The first of these directions states that “Any lawyer wishing to file an application/petition is to file such application/petition via email address of the Bench Officer of the concerned Court along with an application requesting virtual hearing giving reason for urgency within 1 (one) page.” The tenth direction states that upon receipt of the case application or petition by email by the Bench Officer, “the Judge shall, upon considering the urgency of the matter, fix a date and time of hearing and accordingly inform the Bench Officer concerned.” From this, it becomes clear that individuals themselves are unable to file cases directly, rather it must be done through a lawyer. Additionally, not every case filed will necessarily be heard, rather the key determinant will be “urgency”. It is not yet clear what the Supreme Court judges would consider urgent. On the other hand, the Supreme Court also issued Practice Directions for Subordinate Courts and Tribunals, which specifically state that they are to only hear matters relating to bail petitions. The decision to treat bail hearings as a matter of priority is justifiable given that an astonishing 81.3 percent of our total prison population comprises pre-trial detainees, i.e. those who have not yet been found guilty of committing any offence (World Prison Brief, 2019).
However, what about the victims of severe human rights violations whose evidence is especially time-sensitive, such as victims of rape and domestic violence (which has reportedly shot up in the lockdown)? It is vital that they too are able to seek recourse through the virtual court system.

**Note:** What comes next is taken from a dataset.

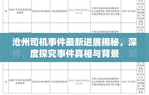 一起发生在沧州市的司机事件引发了广泛关注,网络上关于此事件视频播放量持续攀升,成为公众热议的焦点,本文将对这一事件进行详细的梳理,探究事件背后的来龙去脉,以及它对社会产生的影响。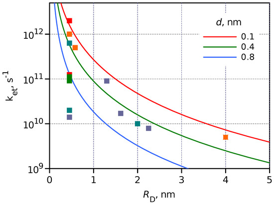 It can be noted that there are reports on much faster PET in DA systems with QDs, e.g., [41]. However, for this comparison, we selected only the systems with (i) a fullerene acceptor and (ii) for which the PET in a one-to-one complex was reported or can be calculated.

Notably, in the past, there have been modest attempts to digitalise our judiciary in the context of violence against women by both parliament and the Supreme Court, but without much in the way of results. Section 20(6) of the Nari O Shishu Nirjatan Daman Ain 2000 (Amended 2003) commendably introduced in-camera trials for rape survivors. However, this is seldom, if ever, implemented, as it is not mandatory. Additionally, in Naripokkho and others vs. Bangladesh (2018), the High Court Division led by Justice Farah Mahbub (who also happens to be leading the committee established by the chief justice to reform High Court rules to facilitate virtual courts) issued a directive in 2018 requiring the government to launch a designated website “enabling the informant to register his/her complaint online”. Sadly, this website is yet to see the light of day.
The introduction of virtual courts undoubtedly marks the onset of a historic era for our judiciary. Whether it can live up to its potential, and maximise access to justice for those who need it the most, very much depends on our recognising it as not only a temporary solution for the present but also the permanent solution for the future.
Taqbir Huda is a Research Specialist at Bangladesh Legal Aid and Services Trust (BLAST).